The COVID-19 outbreak has had unprecedented negative socioeconomic effects on the lives of millions of people across the world, particularly among the most disadvantaged and vulnerable.1 Tunisia has had to endure the human and economic costs of the COVID-19 pandemic, and the difficulties brought on by containment measures and restrictions to mobility. The first cases of COVID-19 in Tunisia were reported on March 2, 2020, and as of January 13, 2021, a total of about 165,000 cases and over 5,300 deaths have been recorded by Tunisian authorities. Following the pattern seen in other countries, the virus’s spread slowed between May and July 2020, but cases rose again in the autumn, with peaks in October and November.

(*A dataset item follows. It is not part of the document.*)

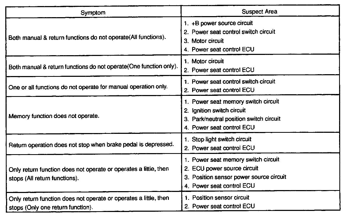- If the trouble still reappears even though there are no abnormalities in any of the other circuits, then check and replace the Seat Position Control ECU as the last step.

The public health emergency during the height of the pandemic and the introduction of lockdown measures led to a 10 percent contraction of the Tunisian economy in the first nine months of 2020, according to the National Institute of Statistics (INS). The World Bank (2020c) projects that the country’s economy will contract by 9.2 percent in 2020.2 The pandemic, the containment measures, and restrictions to mobility have led to (a) steep job losses and drops in incomes, (b) price increases, (c) decline in other income sources, and (d) disruption in the delivery of health and education services.

A serious concern is that the combined health and socioeconomic crisis of 2020 could reverse some of the progress Tunisia has made in reducing poverty and raising living standards, with an increase in the vulnerable population falling into poverty. Before COVID-19, the poverty headcount rate in Tunisia declined from 25.4 percent in 2000 to 13.8 percent in 2019, with the pace of poverty reduction fastest between 2010 and 2015. A thorough examination of trends in inequality shows a similar pattern. Particularly from 2005 onward, the Gini index fell from 0.40 in 2000 to 0.37 in 2015, and further to 0.33 in 2019.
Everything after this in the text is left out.